For a completely randomized design the estimator \(\overline{x}_{1} - \overline{x}_{2}\) of \(\theta\) has the property
\[\begin{align*} \overline{x}_{1} - \overline{x}_{2} &\sim {\sf N}(\theta,\sqrt{\frac{2\sigma^2}{n}} ) \end{align*}\] where \(n\) is the number of observations for each factor level 1 and 2.

Study design

Frequentist sample size calculation

In order to make an an assertion that \(\theta\)\(>0 (\)\(H_{1})\), if \(\alpha\) =2.5%, \(\sigma\)=2 and we require 80% power to declare statistical significance (make an “assertion of efficacy”, to quote Frank Harrell, watch it here) if the true value of \(\theta\) = 1, then 63 evaluable subjects/group are needed. The (frequentist) probability conditional on \(\theta\) = 1 of rejecting \(H_{0}\), \(P(\text{reject } H_{0}| \theta=1)\) is then 0.80. To achieve \(P(\text{reject } H_{0}| \theta=1)\)=0.90, 84 subjects/group are needed.

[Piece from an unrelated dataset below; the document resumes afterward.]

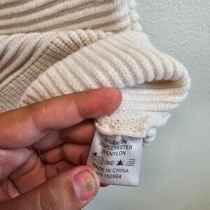 Belle by Belldini pullover sweater in a soft gray-blue and cream colorblock design. Size small, crafted from a rayon/poly/nylon blend for a lightweight yet cozy feel. Features ribbed detailing along the hem and cuffs, diagonal cut colorblock for a modern look, and a classic crew neckline. Perfect for layering with jeans, trousers, or skirts for an effortlessly chic outfit.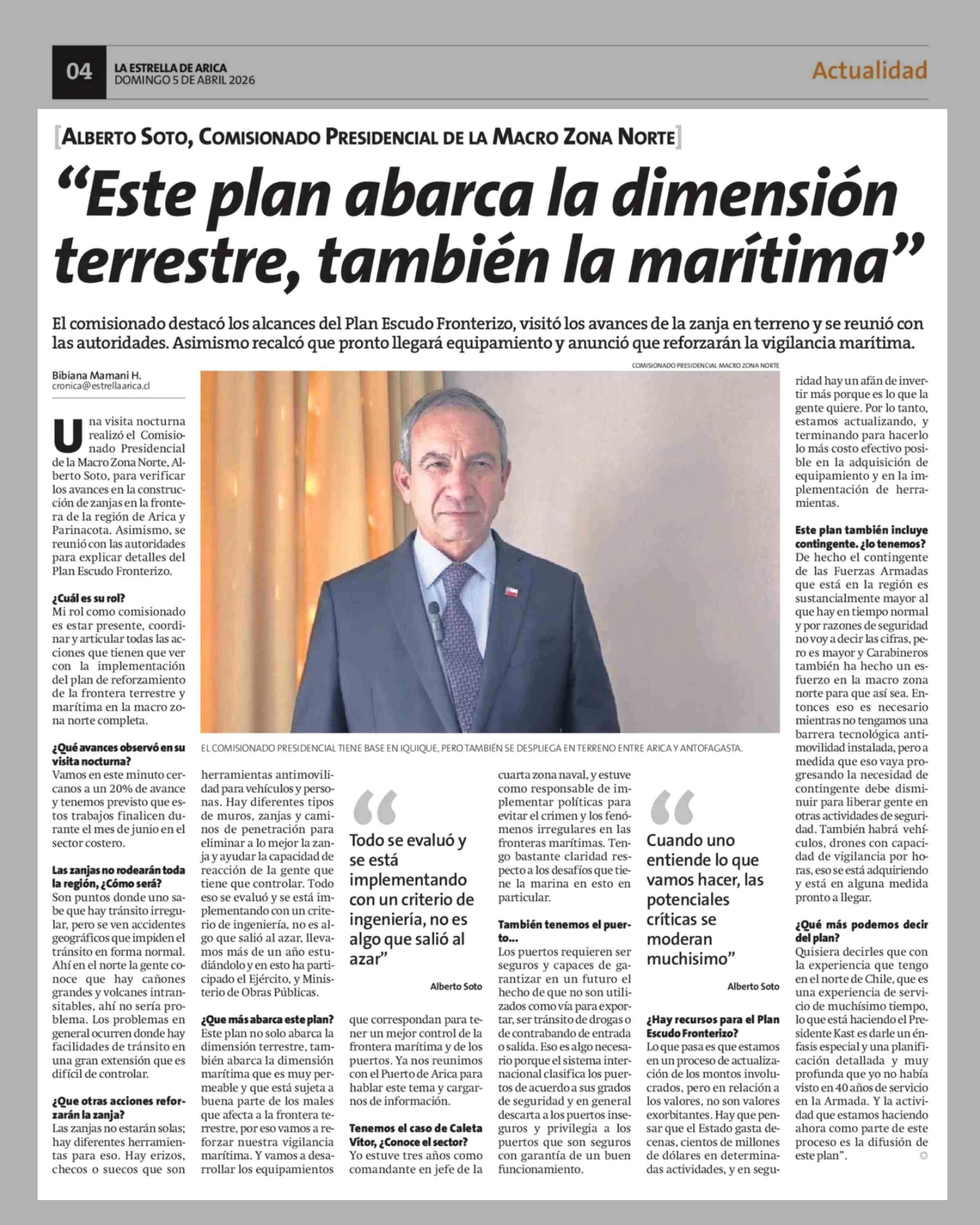 "Este plan abarca la dimensión terrestre, también la marítima" 05-04-2026 La Estrella de Arica |

Probability of success of future study

Semi-bayesian probability of success (“assertion of efficacy”/Assurance)

Lets say (Gelman, et al)

\[\begin{align*} \theta|\sigma^2 &\sim {\sf N}(\theta_{0}, \tau^2_{0}) \end{align*}\]

\[\begin{align*} \sigma^2 &\sim {\sf Inv-\chi^2}(\nu_{0}, \sigma^2_{0}) \end{align*}\]

The hyperparameters \(\theta_{0}\), \(\tau_{0}\), \(\nu_{0}\), \(\sigma_{0}\) are determined by information from a previous study. Let say the previous study had n=50/group, \(\overline{x}_{1} - \overline{x}_{2}\) = 0.5 and \(\hat{\sigma}\) = 2 for both groups. Then we can calculate the unconditional probability of rejecting \(H_{0}\).

\[\begin{align*} P(\text{reject }H_{0})= \int_{\theta, \sigma}{P(\text{reject }H_{0}| \theta, \sigma^2)\cdot P(\theta, \sigma^2)d\theta\sigma} \end{align*}\]

This is the approach referred to as Assurance proposed by Spiegelhalter & Freedman and developed by O´Hagan. The R package here was used for calculations:

library(assurance)
initial.data <- new.gaussian(delta.mu=0.5, sd1=2, sd2=2, m1=50, m2=50)
later.study <- new.twoArm(size=study.size(grp1.size=63, grp2.size=63),significance=0.05)
Assurance <- round(100*assurance(initial.data, later.study, 100000))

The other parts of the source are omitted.